§ Task directions
Please give the whole listing again exactly, without any of its pictures.

§ Given information
....

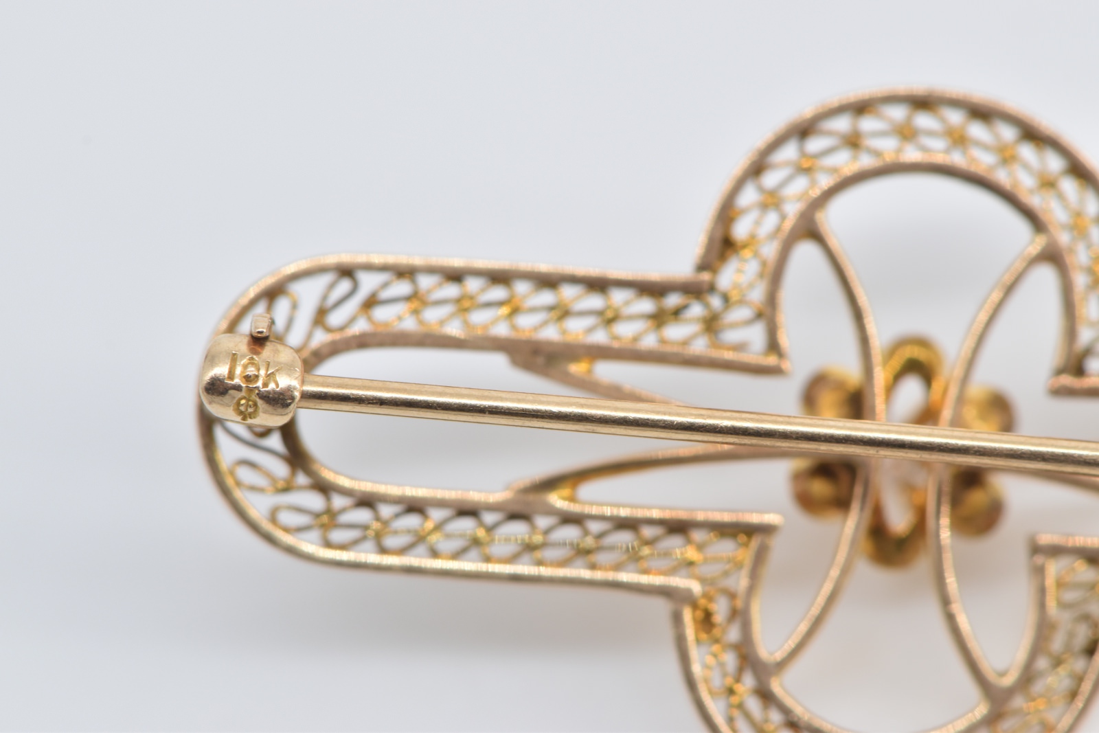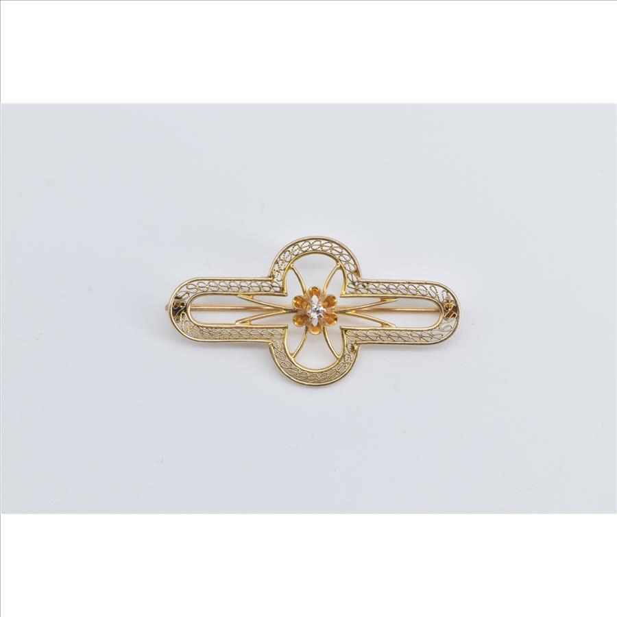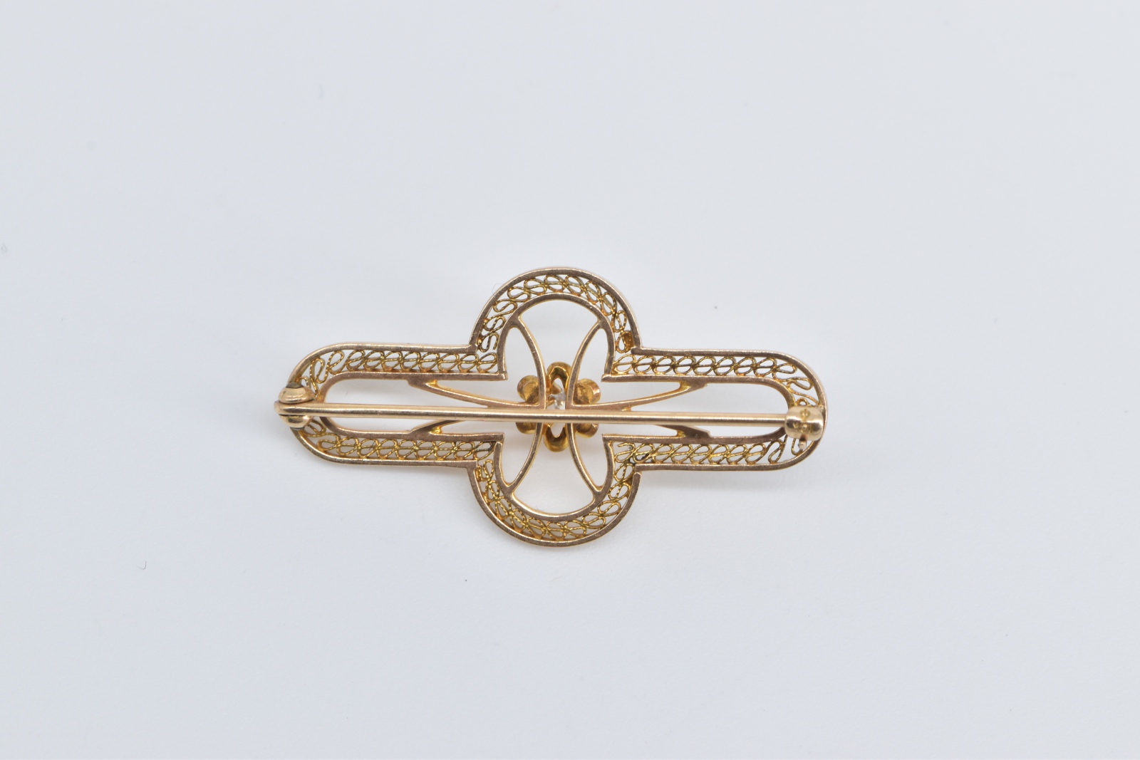 10K Diamond Art Deco Filigree Rounded Bar Yellow Gold Pin/Brooch
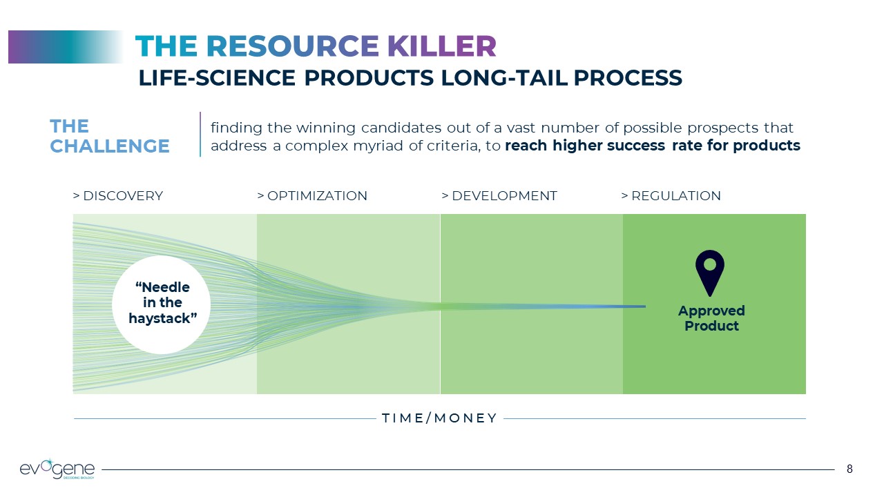THE RESOURCE KILLER  LIFE-SCIENCE PRODUCTS LONG-TAIL PROCESS   > DISCOVERY  > OPTIMIZATION  > DEVELOPMENT  > REGULATION  THE CHALLENGE  finding the winning candidates out of a vast number of possible prospects that address a complex myriad of criteria, to reach higher success rate for products   “Needle in the haystack”  TIME/MONEY  ApprovedProduct  8
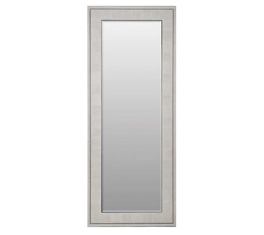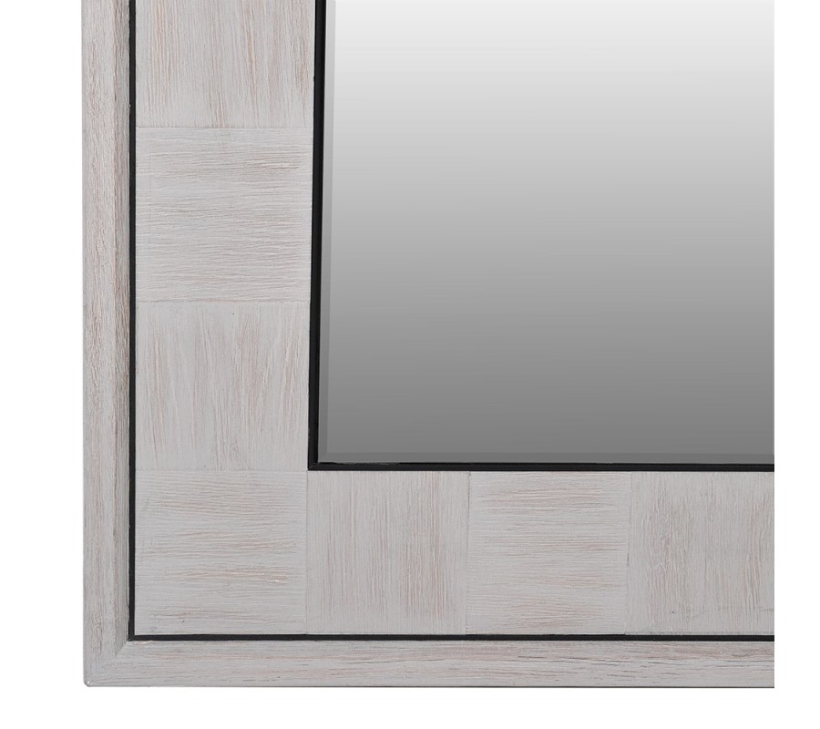 Zrkadlový rám v obdĺžnikovom tvare je vyrobený z kvalitného dubového dreva s ostrými pravidelnými hranami. Konštrukcia rámu zrkadla je dômyselne vyskladaná z kuskov masívneho dreva štvorcového tvaru kde jednotlivé kúsky su voči sebe otočené o 90 stupňov čím pripomínajú šachovnicový resp. parketový vzor. Nenápadná jemná čierna vyrezávaná linka na ráme decentne obzvláštňuje celkový vizuál zrkadla a vďaka off white farbe, je ľahko kombinovateľné s inými farbami ako sú biela, čierna, hnedá či krémová. Jednoducho zapadne do predsiení, obývačiek či izieb v modernom štýle a zjednotí tak celkový dojem vašeho domova.

....

§ Problem solution
 10K Diamond Art Deco Filigree Rounded Bar Yellow Gold Pin/Brooch
THE RESOURCE KILLER  LIFE-SCIENCE PRODUCTS LONG-TAIL PROCESS   > DISCOVERY  > OPTIMIZATION  > DEVELOPMENT  > REGULATION  THE CHALLENGE  finding the winning candidates out of a vast number of possible prospects that address a complex myriad of criteria, to reach higher success rate for products   “Needle in the haystack”  TIME/MONEY  ApprovedProduct  8
 Zrkadlový rám v obdĺžnikovom tvare je vyrobený z kvalitného dubového dreva s ostrými pravidelnými hranami. Konštrukcia rámu zrkadla je dômyselne vyskladaná z kuskov masívneho dreva štvorcového tvaru kde jednotlivé kúsky su voči sebe otočené o 90 stupňov čím pripomínajú šachovnicový resp. parketový vzor. Nenápadná jemná čierna vyrezávaná linka na ráme decentne obzvláštňuje celkový vizuál zrkadla a vďaka off white farbe, je ľahko kombinovateľné s inými farbami ako sú biela, čierna, hnedá či krémová. Jednoducho zapadne do predsiení, obývačiek či izieb v modernom štýle a zjednotí tak celkový dojem vašeho domova.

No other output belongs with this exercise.